Типка утвердительно кивнул головой. Ему очень пришелся по душе разговор Максимова.
— Меня уже не раз в участок водили! — гордо признался он.
Максимов снова нахмурился.
— По делу? — спросил он, — Или так, подобру-поздорову?
Царь замялся. За свою жизнь он неоднократно был бит дворниками за разные проделки на дворе и просто так, ни за что ни про что. Дубасили его взрослые. Трепали за уши городовые, снимая с рессор извозчичьих пролеток, когда Царь не хотел пешком путешествовать по городу... Обо всем было длинно и не совсем приятно рассказывать.

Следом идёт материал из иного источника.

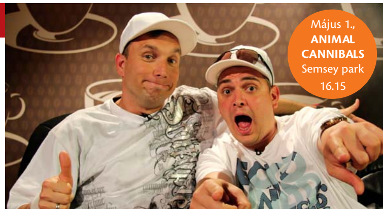
Május 1., ANIMAL CANNIBALS Semsey park 16.15

– Nehéz feladat, de csodálatos kihívás – mondta. – Ezért is várom már a majális, hiszen ott akár a nézők közé is lemehetek, nincsenek kööttségek. És énekelhetem, persze, csak ha akarja a publikum, akár a Dingdongot is! (gergely)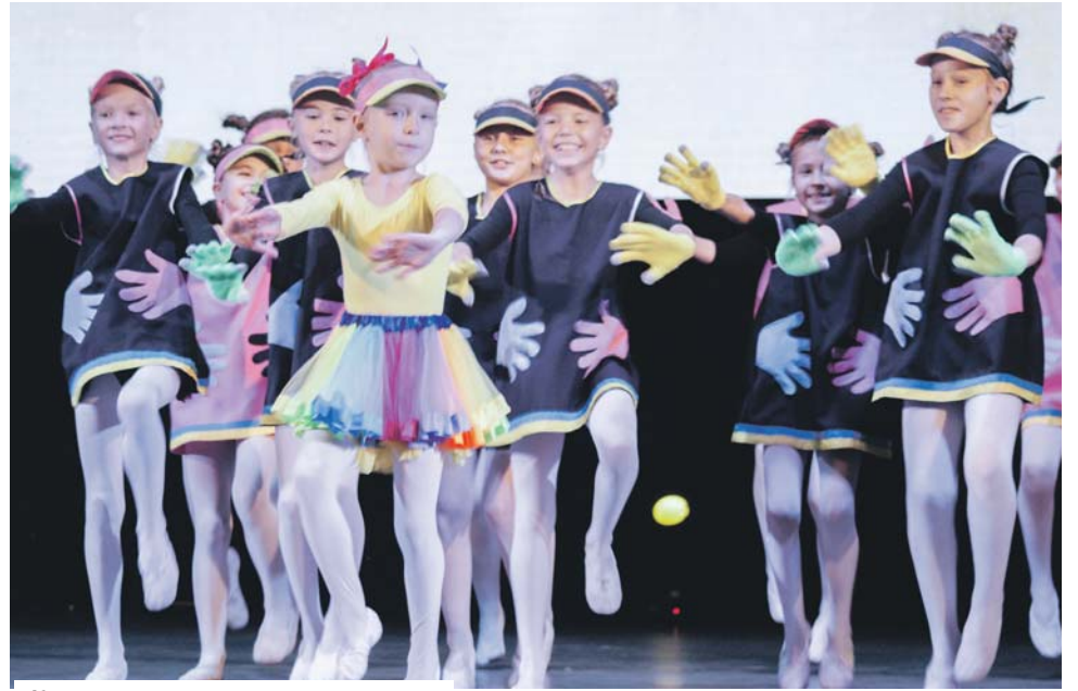
Концерт для старшего поколения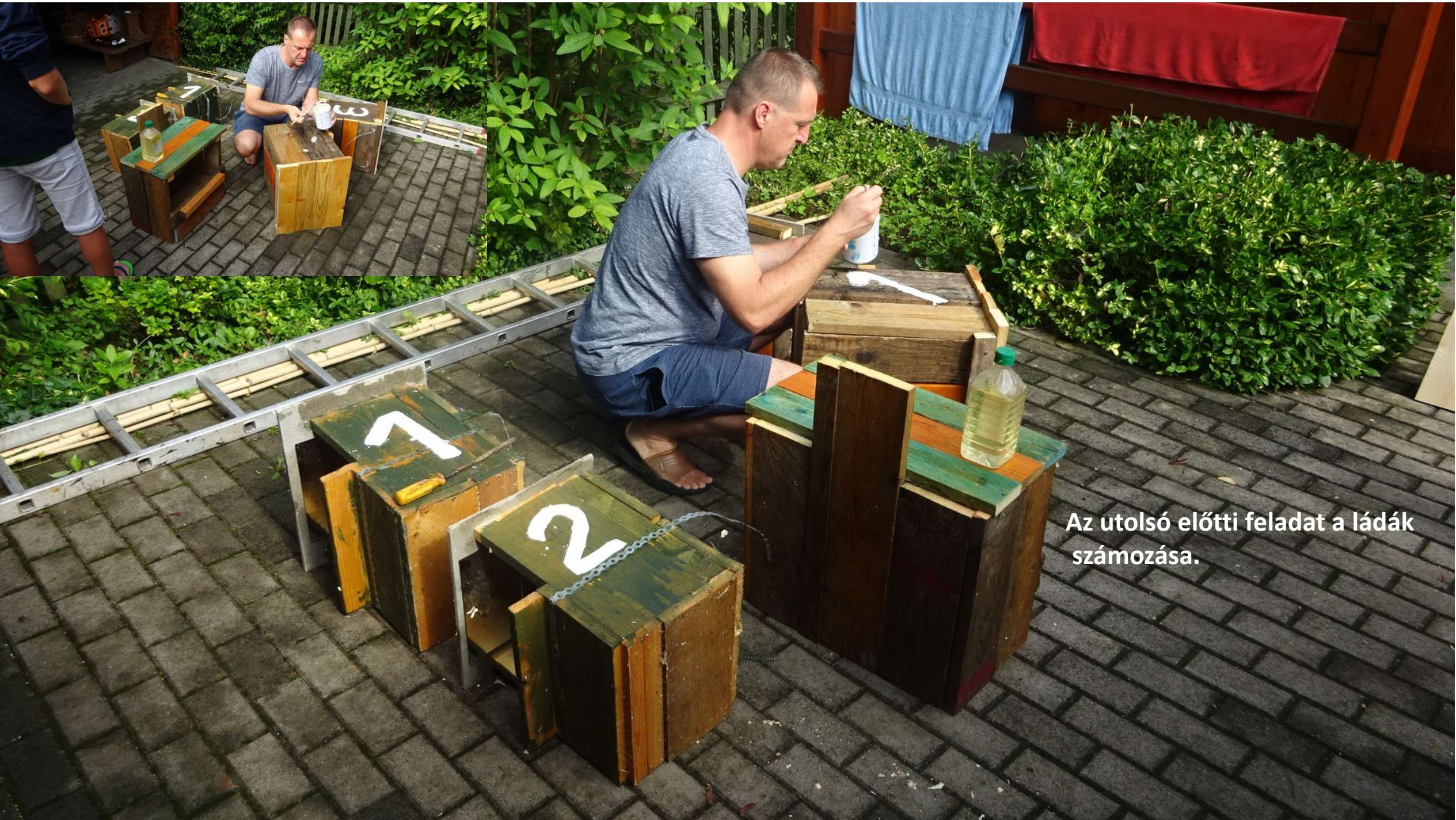
Az utolsó előtti feladat a ládák számozása.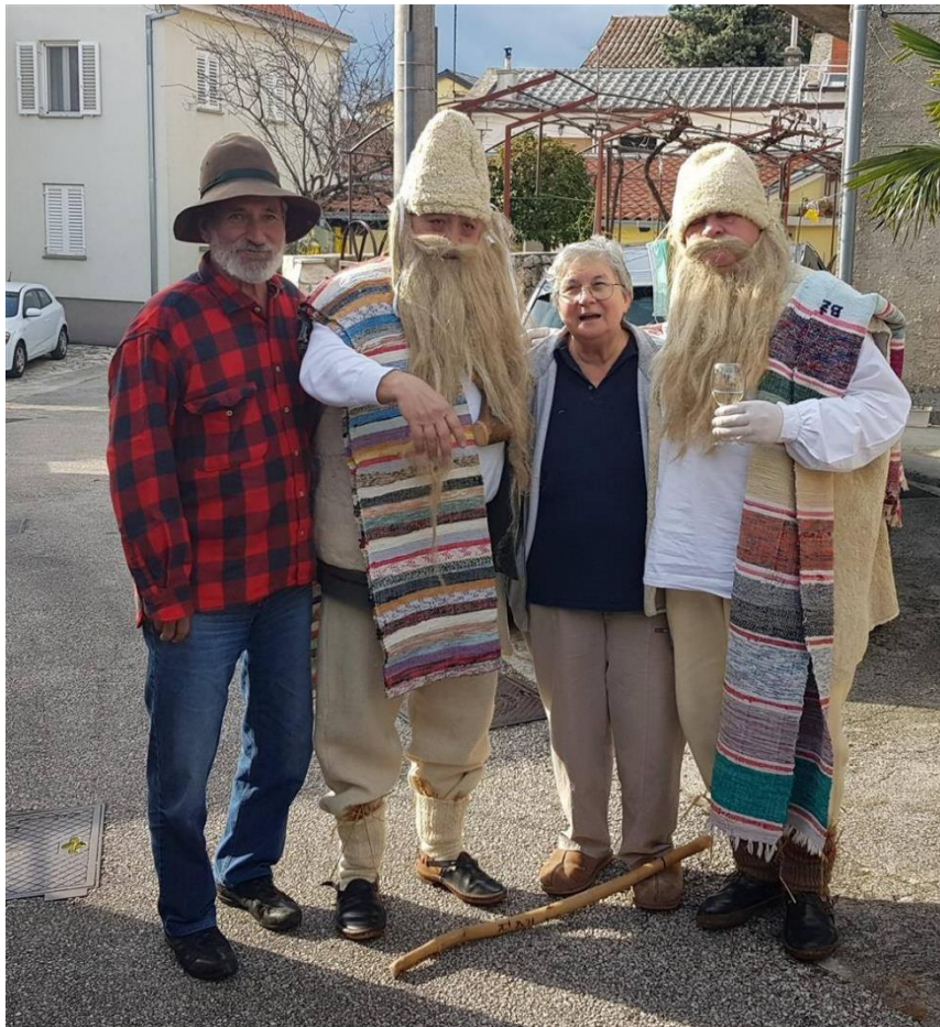
Slika 4. – Stari svati 4

Nadalje, uz mesopustare, veliku ulogu imaju i instrumenti mesopustara koje sačinjavaju udaraljke i puhački instrumenati (Blažević, 2012).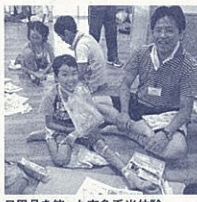
日用品を使った応急手当体験

子どもたちの自主性が表れてきた。(学校) ◆他の地域でも防災キャンプを実施し、防災力の向上につなげたい。(行政)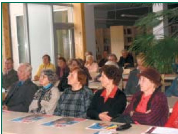
Karskusselts Võhandu 115 üritus Räpina raamatukogus.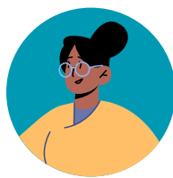
Assistant de service social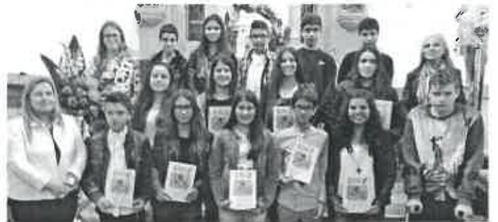
Adolescentes do 8º ano e suas animadoras

Os adolescentes que frequentam o oitavo ano da catequese paroquial de S. Bartolomeu do Mar celebraram, no passado dia quatro de abril, a Festa da Vida, prevista no guia do animador. A celebração foi integrada na Vigília Pascal, que começou às 22h30.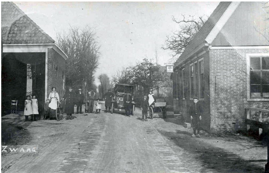
Afb. 8 Foto met links de doorrijstal van café Het Grauwe Paard, ca. 1910

In 1921 werd Het Grauwe Paard opnieuw te koop aangeboden. Het wordt omschreven als koffiehuis met kolfbaan en doorrijstal. In de herberg was nog altijd tevens een kruidenierswinkel gevestigd. De toenmalig eigenaar was A. Gorthuis. Waarschijnlijk was de koper P. Karsten want hij kreeg in 1928 vergunning tot het verplaatsen van een raam- en deurkozijn (WFA, toeg.nr. 0689, inv.nr. 1116).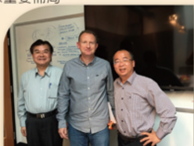
董事長、總經理於UA波特蘭總部會後留影

本公司董事長與總經理，利用4月底風塵僕僕走訪了一趟美國，密集拜訪器材多家重要客戶，包括前往Under Armour波特蘭總部拜會，以及拜訪本公司長期的品牌客戶RINGOR公司，為本公司器材下一階段發展，進行全球重要佈局。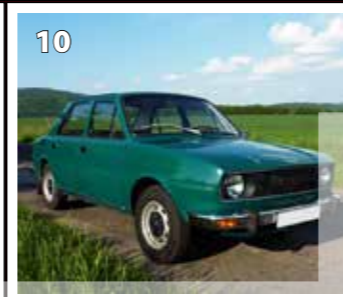
Škoda 120 L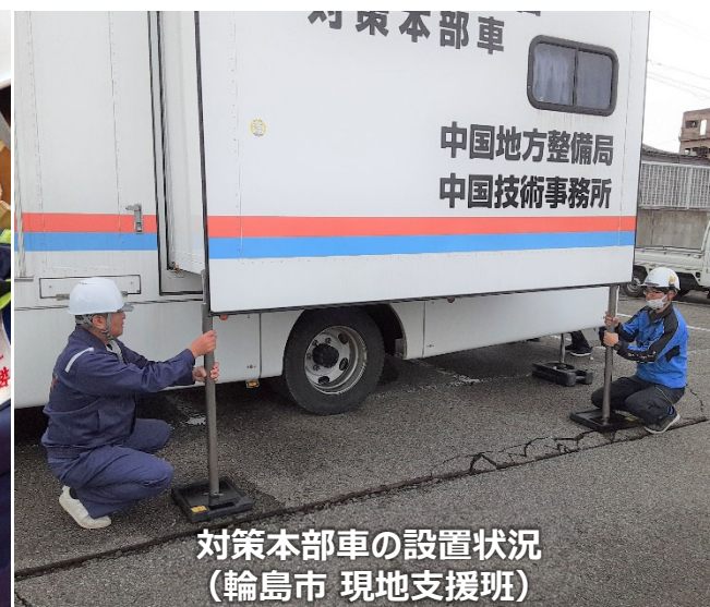
対策本部車の設置状況 （輪島市 現地支援班）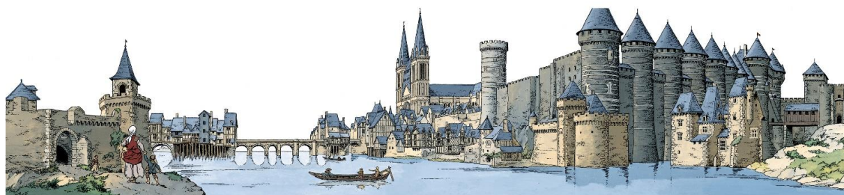
© CHAILLET / ÉDITIONS DU LOMBARD (Dargaud-Lombard sa) 2010

L'ultra-réalisme de Chaillet aurait tôt fait d'accoler à cette série une étiquette « BD historique » dont l'aspect pédagogique pourrait parfois sembler lénifiant. Ce serait rendre bien mauvaise justice à la profondeur d'une œuvre dont le réalisme ne s'arrête pas aux décors et à l'anatomie. À la relecture, Vasco s'impose comme une œuvre éminemment moderne dans son écriture, en droite ligne de la cynique froideur des Rois Maudits .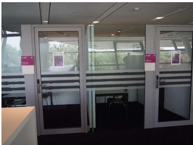
Obrázek 12 Rezervovatelné studovny

Knihovna má také nepřístupné podlaží se skladem dokumentů, které si uživatelé objednávali v katalogu a musí si je vyzvednout do tří dnů od obdržení potvrzovacího e-mailu.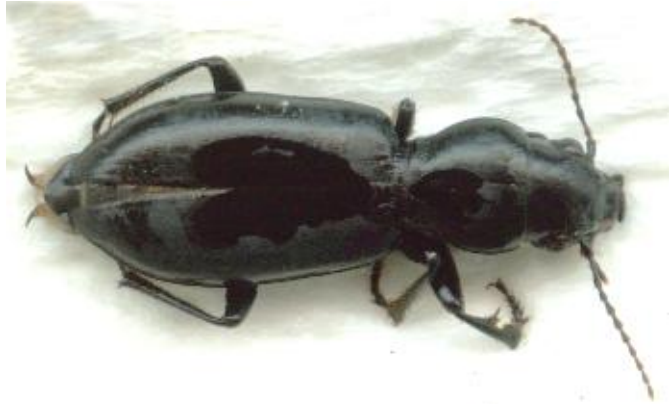
Broscus cephalotes (17-22 mm)

Максимов, очевидно, догадывался и не стал дожидаться ответа.
— Ну, об этом после поговорим, — успокоил он Типку, — Может быть, я тебя к себе в типографию устрою, — И он дружелюбно потрепал Царя по плечу.
— Чувствительно вас благодарим, дяденька, — опять выступила Фроська.
— Ну вот... и бесплатное представление начинается, — кивнул Максимов головой на проковылявшего мимо них бродячего музыканта с шарманкой за спиной и обезьянкой на плече.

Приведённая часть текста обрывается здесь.